Но не всегда женщина является для Брука вечной спутницей, залогом бессмертия. Так же как и в стихах, посвященных "великому быть может", Брук в своих изображениях женщины и любви зыбок, переменчив, как луч фонарика, освещающего мимоходом то лужу, то цветущий куст. Он переходит от дивного безумия, внушившего ему "Прах" и "Призыв", к каким-то мучительным чертежам, рисуя "неутоленные, раскоряченные желанья... причудливый образ, льнувший к такому же запутанному образу, личины ползущие, потерянные, извилистые, вязнущие, уродливо сплетающиеся, безумно блуждающие по прихоти углубляющихся тропин и странных выпуклых путей".
Брук еще кое-как мирится с "причудливостью" человеческого тела, когда тело это молодо, стремительно, чисто, но что вызывает в поэте злобу и отвращенье, - это дряблая старость с ее беззубым, слюнявым ртом, красными веками, поздней похотливостью... И доисторический прием - сопоставленье весны и увяданья, грезы и действительности, розы и чертополоха обновляется Бруком необычайно тонко.
Примером могут послужить следующие два сонета:
Троянские поправ развалины, в чертог
Приамов Менелай вломился, чтоб развратной
супруге отомстить и смыть невероятный
давнишний свой позор. Средь крови и тревог
он мчался, в тишь вошел, поднялся на порог,
до скрытой горницы добрался он неслышно,
и вдруг, взмахнув мечом, в приют туманно-пышный
он с грохотом вбежал, весь огненный как бог.
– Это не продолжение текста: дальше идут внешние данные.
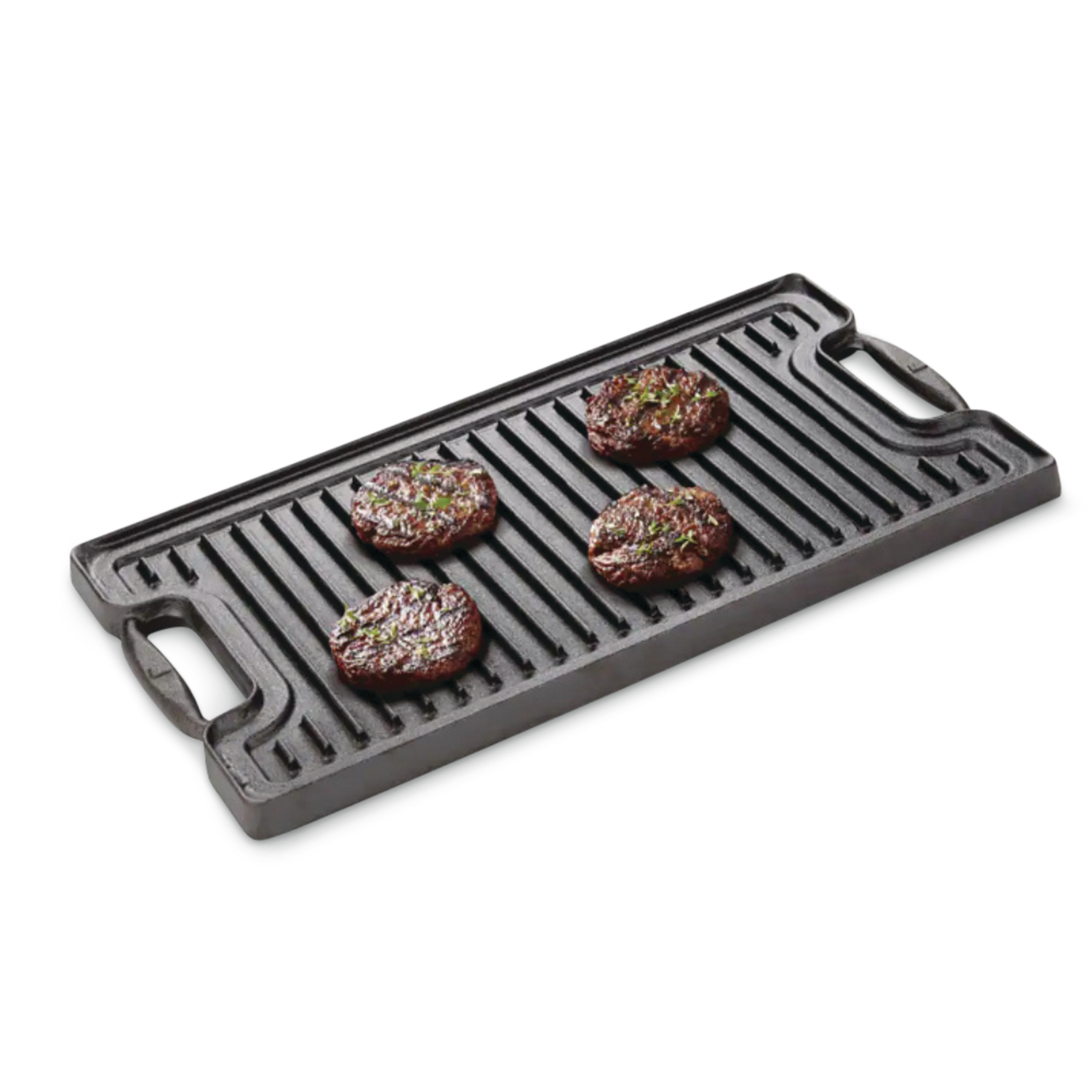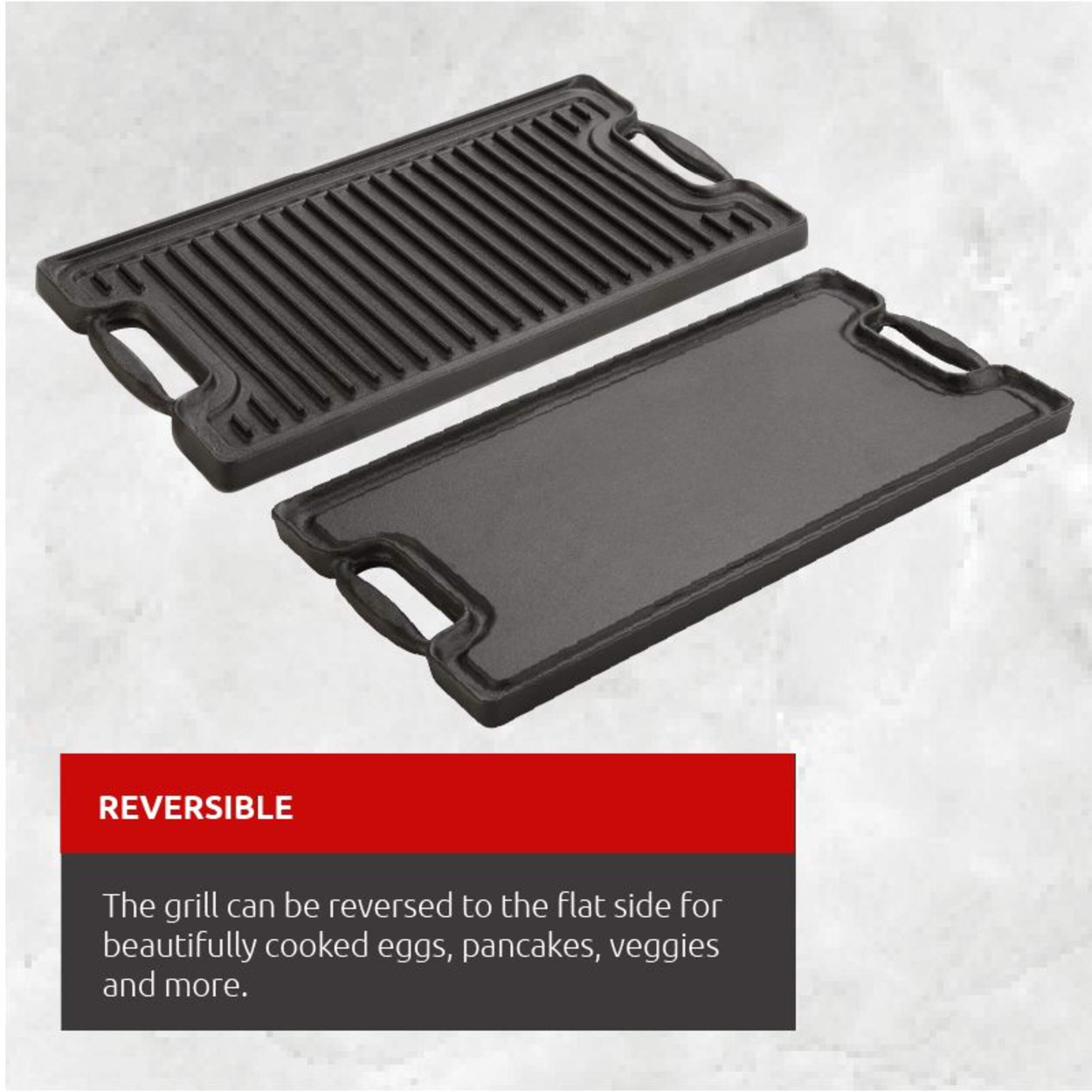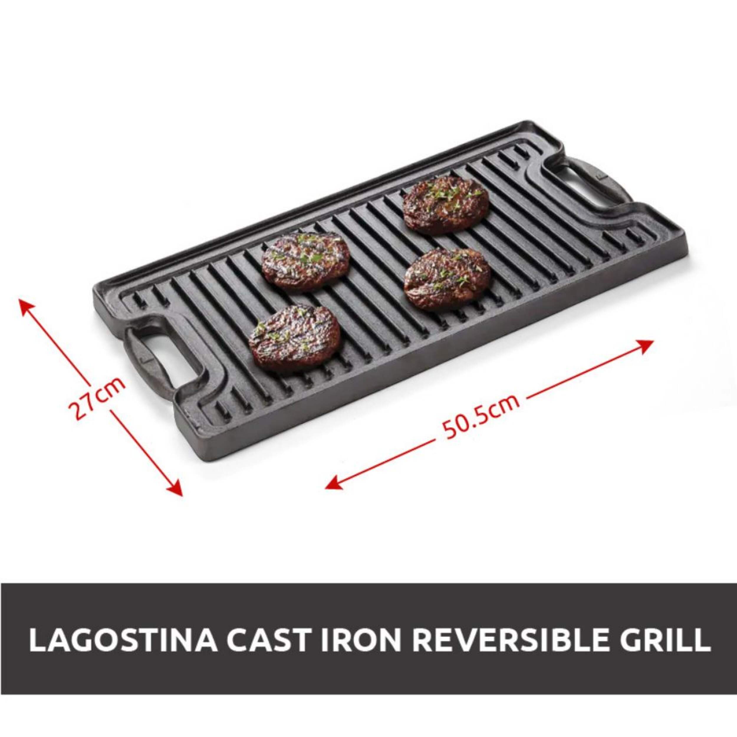 The Lagostina Pre-Seasoned Cast Iron Reversible Grill Pan is perfect for both oven and barbecue use, offering exceptional durability and performance. Enjoy perfectly seared dishes with its raised ridges, and cook with confidence knowing it requires no additional seasoning.

Сидела перед ним, безмолвна и спокойна,
Елена белая. Не помнил он, как стройно
восходит стан ее, как светел чистый лик...
И он почувствовал усталость, и смиренно,
постылый кинув меч, он, рыцарь совершенный,
пред совершенною царицею поник.
Так говорит поэт. И как он воспоет
обратный путь, года супружеского плена?
Расскажет ли он нам, как белая Елена
рожала без конца законных чад и вот
брюзгою сделалась, уродом... Ежедневно
болтливый Менелай брал сотню Трой меж двух
обедов. Старились. И голос у царевны
ужасно-резок стал, а царь - ужасно глух.
"И дернуло ж меня, - он думает, - на Трою
идти! Зачем Парис втесался?" Он порою
бранится со своей плаксивою каргой,
и, жалко задрожав, та вспомнит про измену.
Так Менелай пилил визгливую Елену,
а прежний друг ее давно уж спал с другой.
Еще резче высказывается это отвращение к дряхлости в стихотворении "Ревность", обращенном, вероятно, к новобрачной. В нем поэт так увлекается изображеньем грядущей старости розового, молодцеватого супруга, которого он уже видит лысым, и жирным, и грязным, и Бог знает чем, - что только на тридцать третьей - последней - строке спохватывается: "Ведь когда время это придет, ты тоже будешь старой и грязной..."
Мне кажется, что и в этом стихотворении, и в другом, посвященном поразительно подробному и довольно отвратительному разбору морской болезни, явленья которой тут же сравниваются с воспоминаньями любви, Брук слегка щеголяет своим уменьем зацепить и выхватить, как бирюльку, любой образ, любое чувство, слегка чернить исподнюю сторону любви, как чернил (в стихотворении о "мухе на серой потной шее мертвеца", упомянутом выше) вид загробного края.